I spent the day collecting donations for Nickelsville. I was able to get cases of instant noodles, cup o’soup, oatmeal, coffee, tea, bananas, hotdogs, hotdog buns, cans of soup and peaches along with non food items such as laundry detergent, paper plates, plastic spoons and forks. My step dad even donates a roll of construction plastic which surprised me but was thankful for it as I’m sure the resourceful folks at Nickelsville will put it to good use.
Caly ended up volunteering to drive down there with her car because on the way back from my mother’s place, my van started acting funny. I think it would be a good idea not to drive it too far until I can get it tuned up and have the transmission looked at. We got down to the University District around 9 pm and the folks there looked surprised to what we had brought them. I cannot put into words what it felt like to see that look. I honestly believe that they were not expecting anyone to go out of their way to help. I may be homeless but that doesn’t mean I can live without honor. I cannot look the other way when so many need help and it seems to me that the only people willing to help are those of us fighting in the same war.
I am surprised that my mother bothered to help donate because this is not a normal activity for her but the fact that she did will help people she may never take the time to meet. Caly said she wished she could do more. I figure a little eventually adds up to a lot.
I was proud of my teen for helping unload the back of Caly’s car. I’m not sure what she’s thinking just yet but I hope that seeing Nickelsville for herself will show her that she’s not the only homeless young person out there. She did wonder why we decided to show up at night. I told her that for one thing, there’s less traffic. The other thing is that I don’t need to make a public display of helping others out. Just knowing those folks will wake up to a pleasant surprise is enough for me.
My youngest got off the bus without her coat. I told her she better not get off the bus tomorrow without it because we don’t have the money to get another coat for her. That was a fairly expensive coat I was lucky enough to get at a 60% off the last marked price sale. I will send an email to her teacher to see if it is somewhere in the classroom. I got an email today from Mrs. D asking if what she sees in class everyday is typical. I sent an email asking what she meant by that and it would seem that my daughter is not doing her work when asked, something she pulled last year when Mr. Z called her on it. She’s been fighting me after school in doing her homework and that’s a habit I’m going to break.
I saw in the local paper a family event being held in the next city over which is Buckley. This weekend is National Alpaca Day and there will be all kinds of activities for the kids. I told little hard head that unless she straightens up her act, the rest of us will be going to the little fair.
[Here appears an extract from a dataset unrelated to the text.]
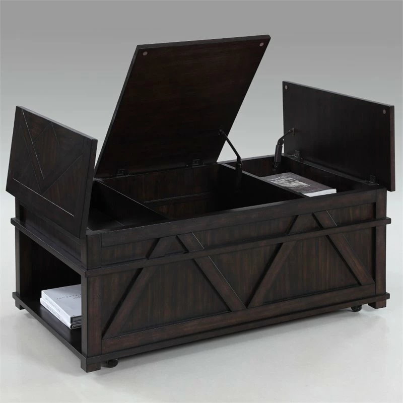 Selected dark finish pine veneers combined with poplar solids. Unique chest style cocktail table features storage everywhere! This storage chest cocktail features 3 lift tops and concealed casters for storage and mobility. Center of top lifts for deep storage area and both ends of the top conceal more storage areas. Sides of the cocktail are open for even more area to store items. Custom metal hardware in an antique bronze finish and decorative diagonal strips of solid poplar provide design and eye appeal.

Hopefully this will give her an incentive to get her homework done and pay attention in class.
It would seem that my teenager has finally made a friend at school and wants to spend the weekend over at this girl’s house. I of course said that I want to meet this kid’s mother first. At least they only live a few blocks from Caly’s place so I know where they’ll be.
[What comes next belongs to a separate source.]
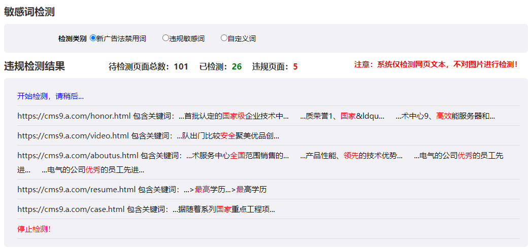 點擊【立即檢測】按鈕后,開始全站關鍵詞檢測。界面會顯示當前待檢測頁面總數(shù)、已檢測頁面數(shù)、違規(guī)頁面數(shù);并顯示詳細的檢測結果,如果存在疑似違規(guī)詞,將標紅顯示。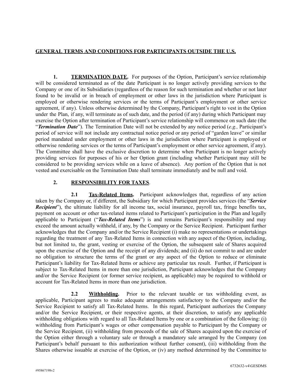 GENERAL TERMS AND CONDITIONS FOR PARTICIPANTS OUTSIDE THE U.S. 1. TERMINATION DATE. For purposes of the Option, Participant’s service relationship will be considered terminated as of the date Participant is no longer actively providing services to the Company or one of its Subsidiaries (regardless of the reason for such termination and whether or not later found to be invalid or in breach of employment or other laws in the jurisdiction where Participant is employed or otherwise rendering services or the terms of Participant’s employment or other service agreement, if any). Unless otherwise determined by the Company, Participant’s right to vest in the Option under the Plan, if any, will terminate as of such date, and the period (if any) during which Participant may exercise the Option after termination of Participant’s service relationship will commence on such date (the “Termination Date”). The Termination Date will not be extended by any notice period (e.g., Participant’s period of service will not include any contractual notice period or any period of “garden leave” or similar period mandated under employment or other laws in the jurisdiction where Participant is employed or otherwise rendering services or the terms of Participant’s employment or other service agreement, if any). The Committee shall have the exclusive discretion to determine when Participant is no longer actively providing services for purposes of his or her Option grant (including whether Participant may still be considered to be providing services while on a leave of absence). Any portion of the Option that is not vested and exercisable on the Termination Date shall terminate immediately and be null and void. 2. RESPONSIBILITY FOR TAXES. 2.1 Tax-Related Items. Participant acknowledges that, regardless of any action taken by the Company or, if different, the Subsidiary for which Participant provides services (the “Service Recipient”), the ultimate liability for all income tax, social insurance, payroll tax, fringe benefits tax, payment on account or other tax-related items related to Participant’s participation in the Plan and legally applicable to Participant (“Tax-Related Items”) is and remains Participant’s responsibility and may exceed the amount actually withheld, if any, by the Company or the Service Recipient. Participant further acknowledges that the Company and/or the Service Recipient (i) make no representations or undertakings regarding the treatment of any Tax-Related Items in connection with any aspect of the Option, including, but not limited to, the grant, vesting or exercise of the Option, the subsequent sale of Shares acquired upon the exercise of the Option and the receipt of any dividends; and (ii) do not commit to and are under no obligation to structure the terms of the grant or any aspect of the Option to reduce or eliminate Participant’s liability for Tax-Related Items or achieve any particular tax result. Further, if Participant is subject to Tax-Related Items in more than one jurisdiction, Participant acknowledges that the Company and/or the Service Recipient (or former service recipient, as applicable) may be required to withhold or account for Tax-Related Items in more than one jurisdiction. 2.2 Withholding. Prior to the relevant taxable or tax withholding event, as applicable, Participant agrees to make adequate arrangements satisfactory to the Company and/or the Service Recipient to satisfy all Tax-Related Items. In this regard, Participant authorizes the Company and/or the Service Recipient, or their respective agents, at their discretion, to satisfy any applicable withholding obligations with regard to all Tax-Related Items by one or a combination of the following: (i) withholding from Participant’s wages or other compensation payable to Participant by the Company or the Service Recipient, (ii) withholding from proceeds of the sale of Shares acquired upon the exercise of the Option either through a voluntary sale or through a mandatory sale arranged by the Company (on Participant’s behalf pursuant to this authorization without further consent), (iii) withholding from the Shares otherwise issuable at exercise of the Option, or (iv) any method determined by the Committee to 6732632-v4\GESDMS #95867198v2

On a rather disappointing note, I asked folks I know if they could spare three bucks to buy a box or case of top ramen noodles that I could donate to Nickelsville. Not one person bothered to respond back to me. I will scrape up three dollars for a case of instant noodles because they need the food more than I do at the moment. I guess I should’ve known because outside of Caly, nobody bothered to help prevent me from becoming homeless by helping out with childcare when I worked two jobs.
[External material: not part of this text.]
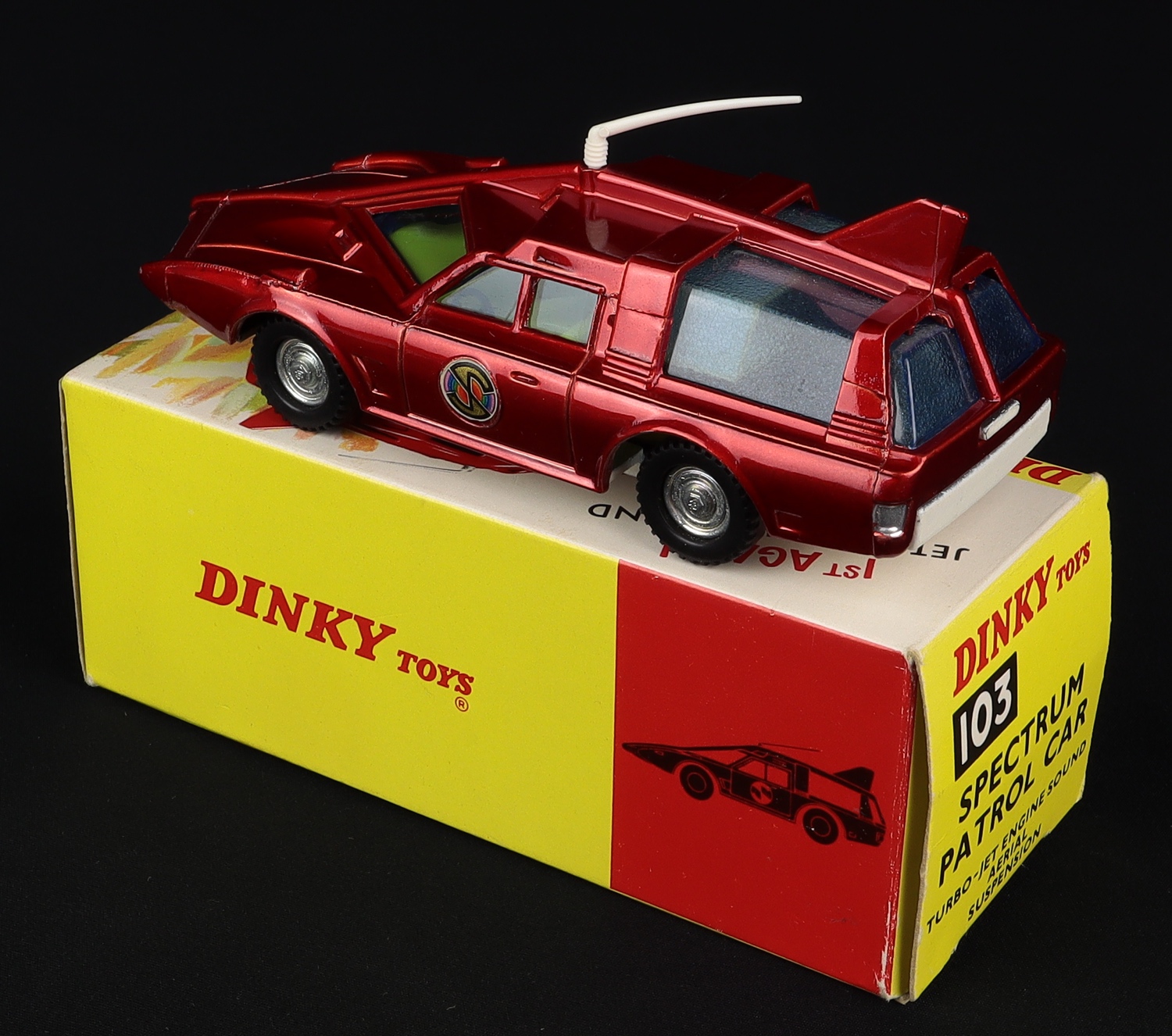 Spectrum Patrol Car by Dinky Toys, No. 103. Very near mint/boxed, with card packing piece & Leaflet. White painted base version. From The Ian Hewlett Collection. Starting bid £150. Please note that QDT apply 12.5% buyer's commission.

I’m still waiting for financial aid to process my application for next year because my stomach is still in knots over the $88.00 a month I have to pay back for student loans. I checked child support and as I expected, nothing. While waiting, I will continue making clothes for the kids. As long as they don’t get sick all the time, it will help. They just got over some kind of flu-like bug and can’t afford to miss days from school.